We initiated our model development with 13 variables of which 8 were selected as the most informative by our RFECV approach (Fig. 2): (i) schooling, (ii) sex, (iii) prior TB, (iv) HIV infection, (v) alcohol use, (vi) drug use, (vii) tobacco use and (vii) age. To predict those patients who are more likely to experience an LTFU we proposed three different models using the variables listed above. In our investigation into predicting patient outcomes, three diverse models were employed, each revealing unique hyperparameter preferences for optimal performance. The logistic regression model demonstrated its peak predictive capabilities with a strong regularization, notably C = 0.01. This underscored the critical role of regularization strength in striking a balance between model complexity and generalization. The RF model achieved its best performance by setting the maximum depth to 8, which means each of the model’s decision trees is allowed to make decisions down to eight levels deep. Additionally, it used an ensemble of 500 decision trees, meaning the model’s final prediction is based on the combined output of 500 trees. This setup highlights the critical importance of these specific settings—both the depth of decision-making in each tree and the total number of trees in the ensemble—for improving the model’s ability to accurately predict outcomes. In the case of the Light Gradient Boosting model, optimal performance was achieved with trees of max depth 4, 500 decision trees (no. of estimators), and a learning rate of 0.01. These results highlighted the intricate interplay between tree complexity, ensemble size, and the learning rate in achieving superior predictive capabilities.

Fig. 2
figure 2

Recursive feature selection elimination. In the x-axis indicating the number of features used by the model while in the y-axis indicating the AUC achieved during the cross-validation

The next phase consisted of evaluating the three models (using the parameters described above) on the test set. In this case, we found that classifiers presented similar results (Supplementary Table S1).

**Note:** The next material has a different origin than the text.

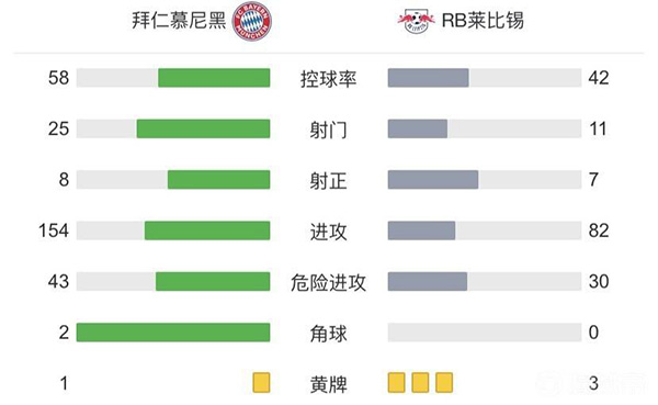 全场比赛结束,拜仁慕尼黑3-2莱比锡。
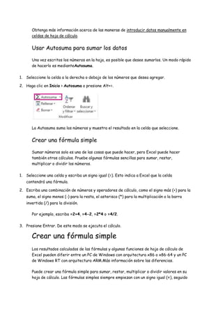 El documento explica las tareas básicas en Excel 2013, incluyendo cómo crear un nuevo libro, introducir datos en celdas, usar la función Autosuma para sumar datos automáticamente, y crear fórmulas simples usando operadores matemáticos como +, -, * y /. Excel permite organizar y analizar grandes cantidades de datos a través de su cuadrícula de celdas, filas y columnas.

According to our calibration plot, the Light Gradient Boosting presented the best result since the predicted probability of an LTFU corresponds to the true likelihood of the positive class being true (Supplementary Fig. S1). The Random Forest presented the worst result. In this case, the model probability underestimated the real likelihood of the positive class. Thus based, on all the results we found, we decided to use the Light Gradient Boosting to construct our predictive model (Fig. 3). We used SHAP values to allocate the contribution of each feature to a model’s prediction, offering insights into feature importance and interactions. Such values help interpret complex models, providing a nuanced understanding of the factors influencing specific predictions. According to our model, previous TB was the most important feature. In this case, a patient who experienced prior TB had increased likelihood to evolve to LTFU. Another important feature was drug use. Patients who reported to use drugs had the probability of evolve to LTFU during an ATT increased (Fig. 4).

Fig. 3
figure 3

Receiver operating characteristic curve (ROC) for prediction of LTFU based on data available in SINAN using three different Machine Learning algorithm

Fig. 4
figure 4

Feature importance computed using SHAP-values on test set. and Relationship between feature value and treatment outcome. Blue dot indicates Cure and, for categorical features the value of no. Red dots indicating LTFU patients and, for categorical features the value of Yes


In this study of pulmonary TB cases reported to SINAN in Brazil, we developed a risk score that effectively stratified before treatment initiation those TB cases at higher risk of LTFU during ATT. Our score used data from 7 features, all of which were from the case notification form, and were publicly available. Those features included clinical and epidemiologic information, that can be collected by health professionals before treatment initiation, and which predicted LTFU independent of other characteristics. The use of this risk score could potentially provide crucial information to target specific patients since the diagnosis and improve the successful ATT completion, potentially facilitating the achievement of the WHO target of 90% of patients with treatment success [18].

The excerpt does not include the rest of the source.